> **What you are asked to do**: Your output should be the lines below from the one holding "Cuenco de cerámica" through the one holding "הבנתי למה כול המסעדות יקרות בארץ", transcribed exactly, with no pictures.

> **Entries supplied**:
★ ★ ★
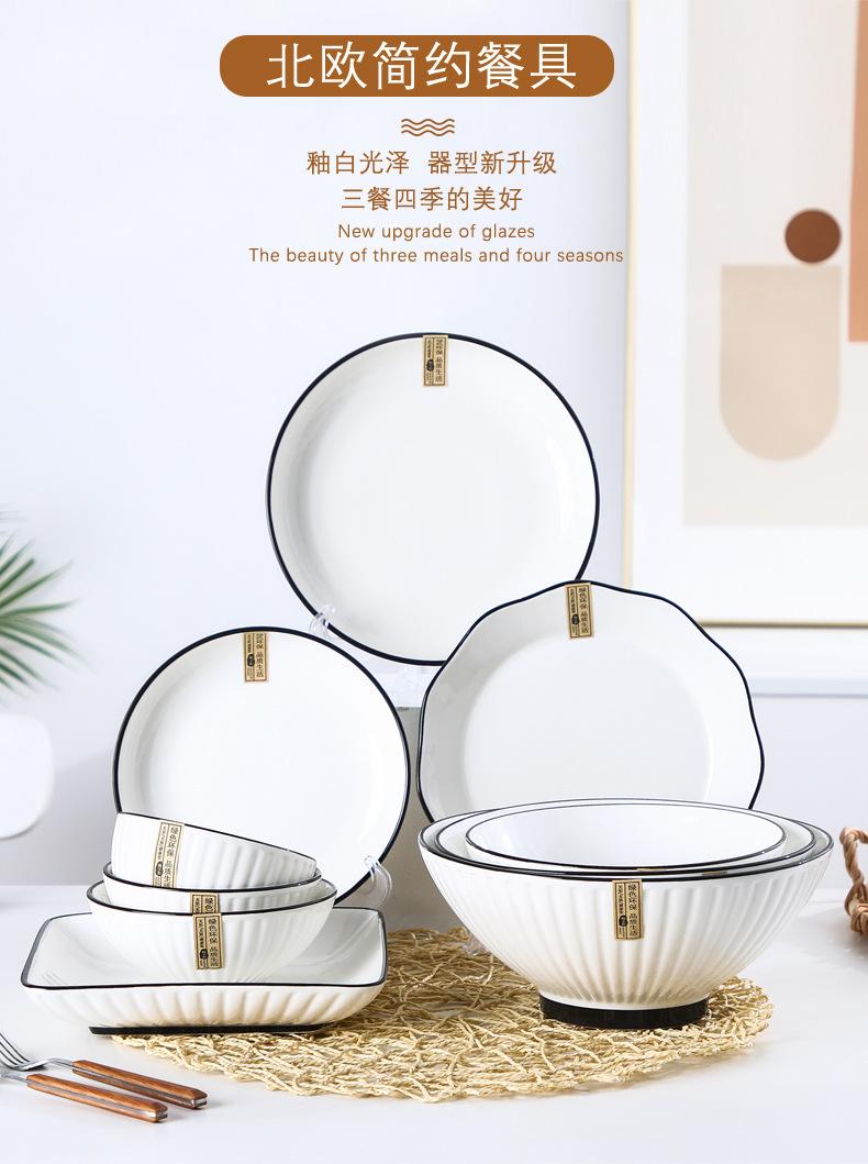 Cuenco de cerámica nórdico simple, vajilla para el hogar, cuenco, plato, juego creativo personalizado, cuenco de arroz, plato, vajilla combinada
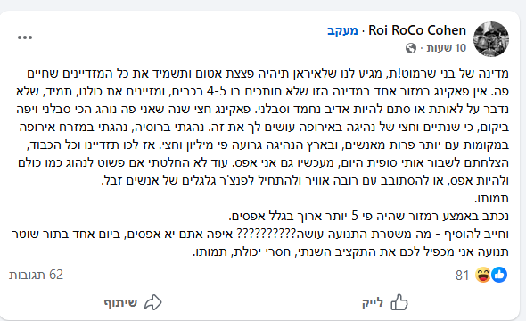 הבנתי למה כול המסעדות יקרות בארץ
★ ★ ★
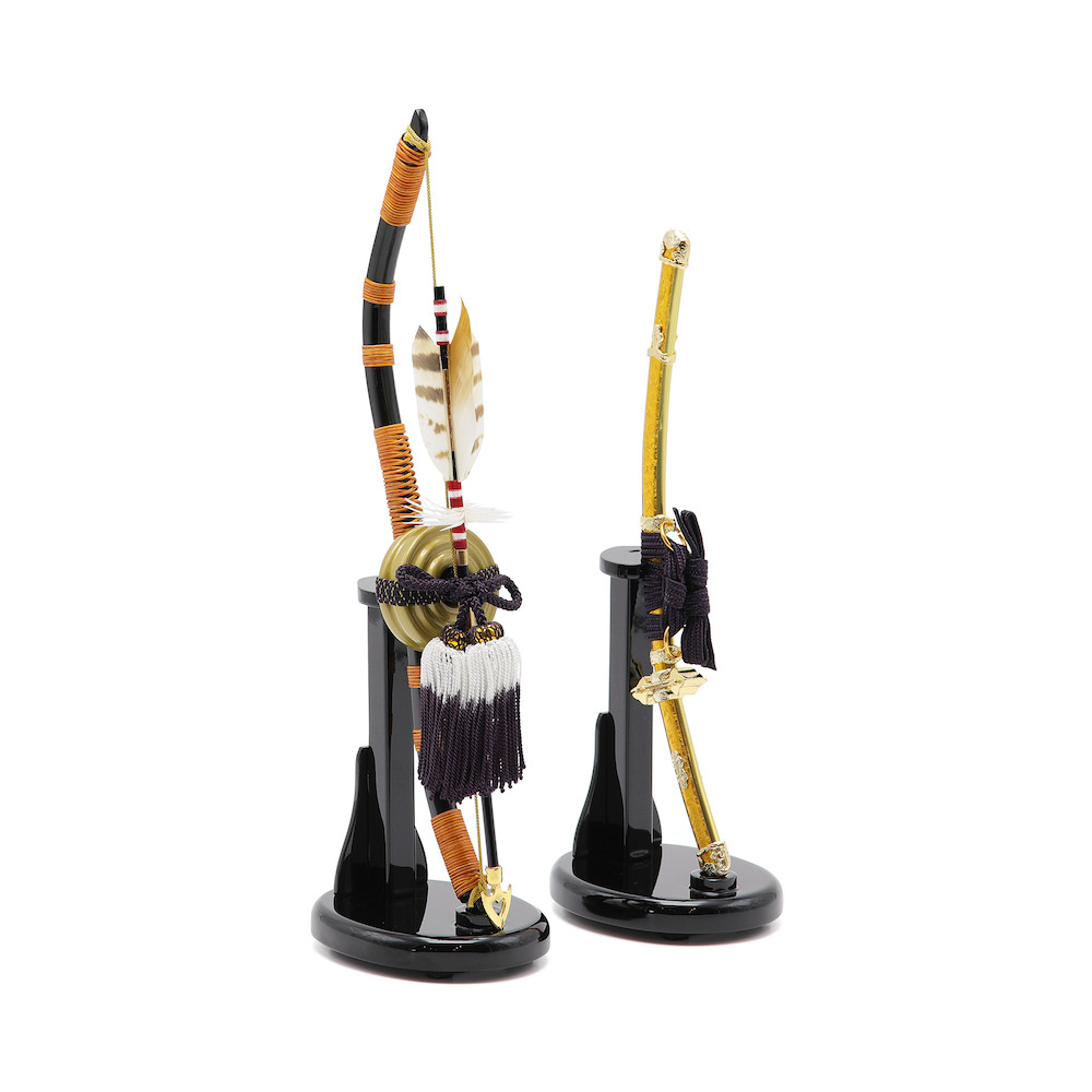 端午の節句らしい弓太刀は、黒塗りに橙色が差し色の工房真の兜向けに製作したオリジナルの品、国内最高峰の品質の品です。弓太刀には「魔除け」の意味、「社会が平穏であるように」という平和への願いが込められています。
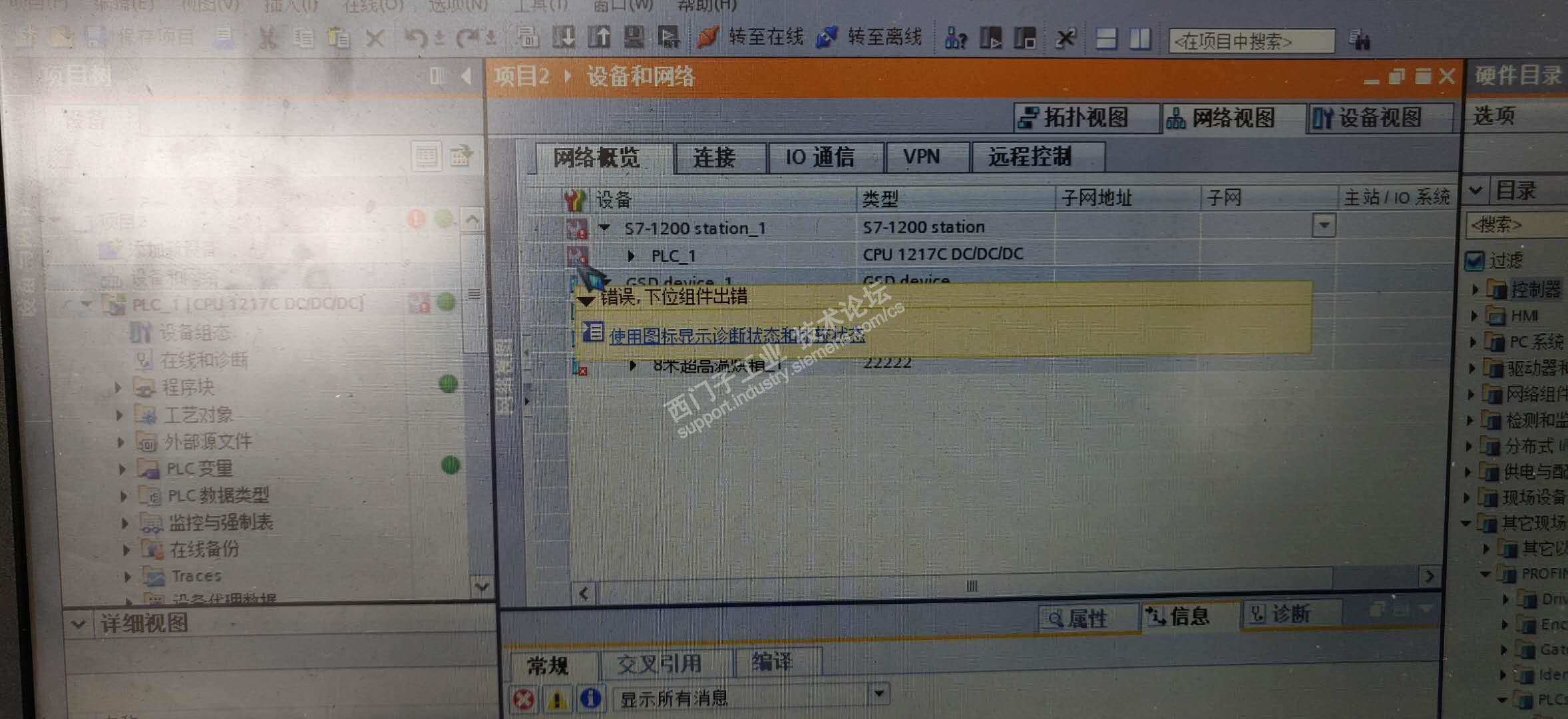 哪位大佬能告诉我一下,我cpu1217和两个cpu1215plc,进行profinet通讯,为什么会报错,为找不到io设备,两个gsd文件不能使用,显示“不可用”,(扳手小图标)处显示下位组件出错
★ ★ ★
> **Expected output**:
 Cuenco de cerámica nórdico simple, vajilla para el hogar, cuenco, plato, juego creativo personalizado, cuenco de arroz, plato, vajilla combinada
 הבנתי למה כול המסעדות יקרות בארץ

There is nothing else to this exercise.